Spring tempered 1095 steel is a good spring alloy with good fatigue resistance. Did it crack at a stress concentration, or at a laser cut surface? If so, you will get more improvement from reducing the stress concentration than from looking for a better alloy. If you want to look into spring alloys, here is the place to start: https://smihq.org/store/ViewProduct.aspx?id=8088348. Search stress concentration to learn more.

Or just post a photo of the part that shows the crack, and we can help you from there.

 

[RRouse]

jrmichler, thanks for your reply and recommendation. That text looks like the exact right thing.

The break did occur at an area of stress concentration, with cracks propagating from a laser cut feature. A wooden handle ("cheat") is attached near the end of the blade, for the musician to bend the saw and control pitch. A sigmoidal shape produces sound from the saw.

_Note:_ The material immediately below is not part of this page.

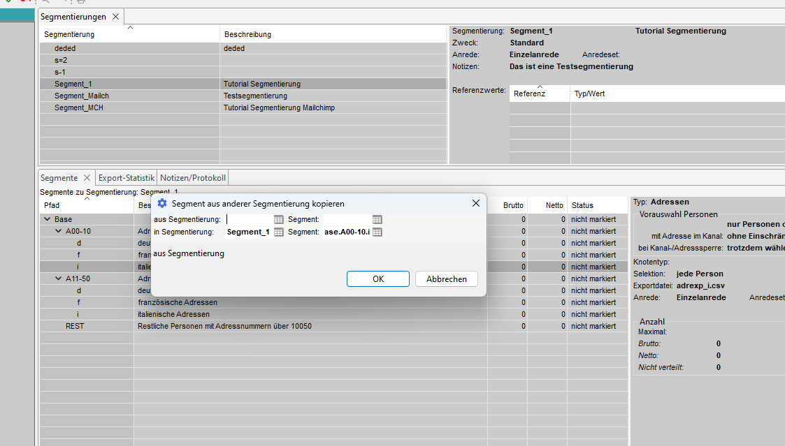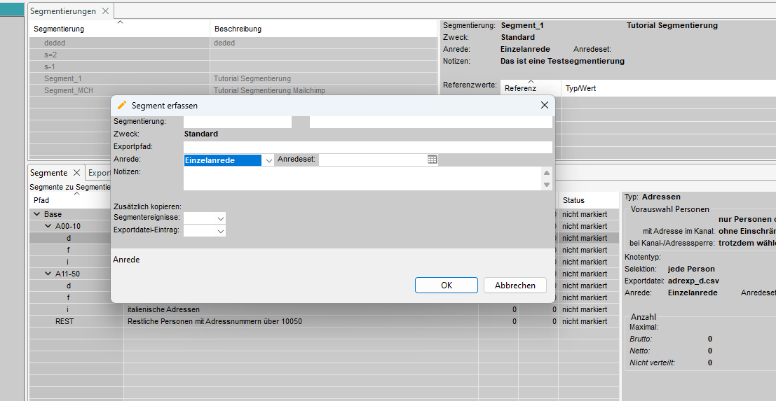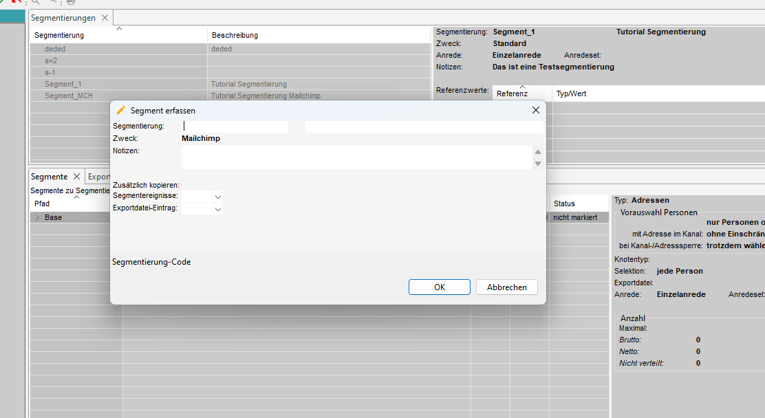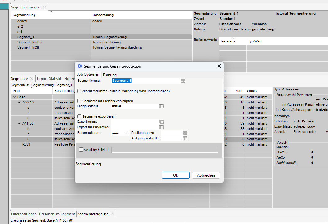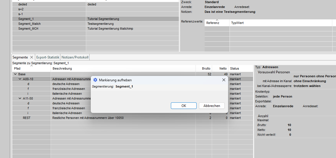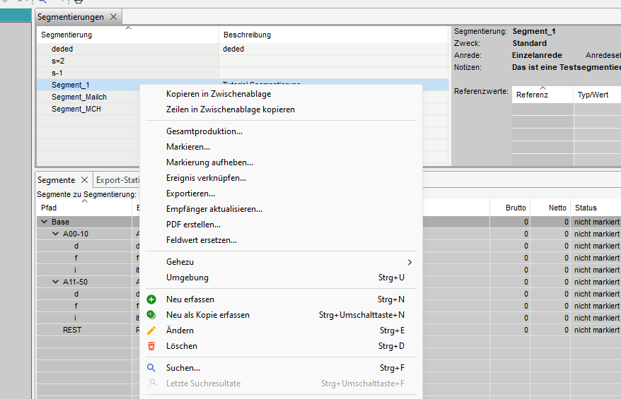 Im Tab 'Segmentierungen' werden die vorhandenen Segmentierungen angezeigt und auf der rechten Seite finden Sie detaillierte Informationen über die Segmentierung.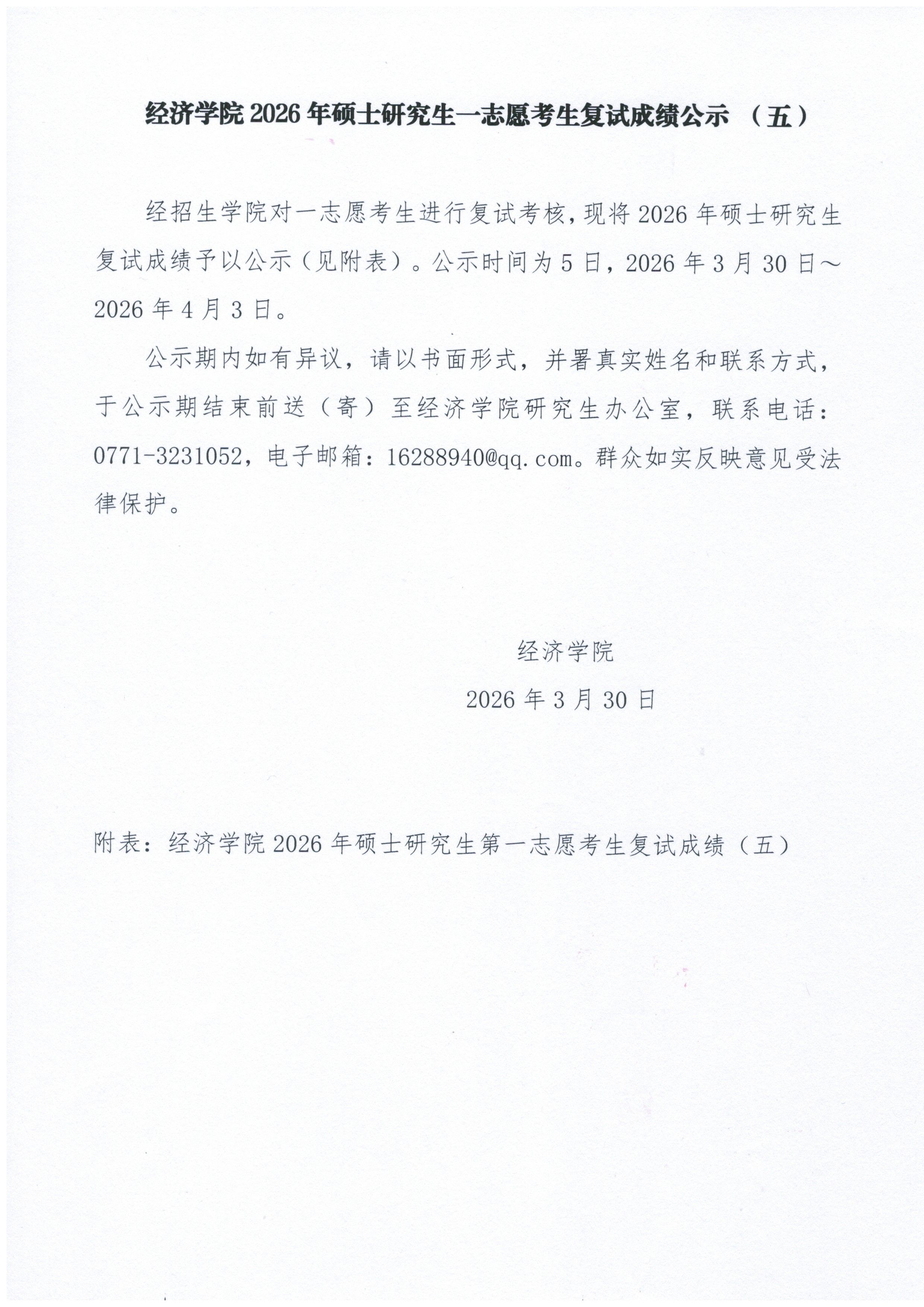 经济麻豆影片2026年硕士研究生一志愿考生复试成绩公示(五)

In my design, the cheat is attached with a carriage bolt, so that the saw player doesn't have to carry a tool to tighten the cheat. The bolt fits into a square laser cut hole in the blade.

Would switching to a round hole, drilled, not laser cut, modify the stress concentration enough to prevent breakage?

This project is replicating a singing saw that has been in use for 20+ years. I'm unsure what the alloy of that saw is. It looks like a more common alloy, with a dull gray lustre. The older blade has less resistance to deformation - it's floppier - but always returns to flat.

Pic of break is attached. Thanks for your interest!

 

[jrmichler]

I need to see exactly how you are clamping the blade, and a second photo showing what the blade looks like when it is being used. Are you springing it to a curve? Have you measured the thickness of the older blade? If it's floppier, I would expect it to be thinner. If so, do you flex the new and old blade to the same radius?

Does this image from Wikipedia correctly show how the saw is played?

 

[RRouse]

The 1095 blade is slightly thicker than the original: 0.042" vs. 0.035", IIRC. I found a pic of the saw in action, and an example of the cheat handle.
Some musical saw makers mention 1075 on their websites. Would there be a big difference?

 

[jrmichler]

Did it break at the cheat handle? Is the cheat handle what the hand is holding in the second photo? If yes and yes, then the head of your carriage bolt and the saw teeth are both stress concentrations. You have more to gain by reducing stress concentrations than by trying to find a better alloy.

When something develops cracks after extended use, and those cracks spread until it breaks, then we call that a fatigue failure. Fatigue cracks start at stress concentrations, and then propagate. The cure is to reduce or eliminate the stress concentration.

Three things you can do:
1) Change the tooth profile near the cheat handle to a rounded gullet (the groove at the base of the teeth). The teeth in that area will get pointier (more pointy). Excuse the term. Sharp inside corners are very bad for stress concentration.

2) Add a pair of wood blocks about 1" wide, and long enough to span the width of the blade, to the cheat handle. Use a hard wood, such as oak or ash. Use the blocks like washers, they are clamped between the bolt head and the blade, and between the blade and the handle. That will distribute the stress from the handle across the entire width of the blade, and thus reduce the stress.

3) Change the square hole to a round hole. This is probably the least important because it is clamped, so there should not be a lot of stress at the hole.

 

[Dr.D]

All of the saw teeth constitute stress raisers. Your failed blade pictures both show the crack starting from a tooth root. C0nsider getting rid 0f the teeth entirely.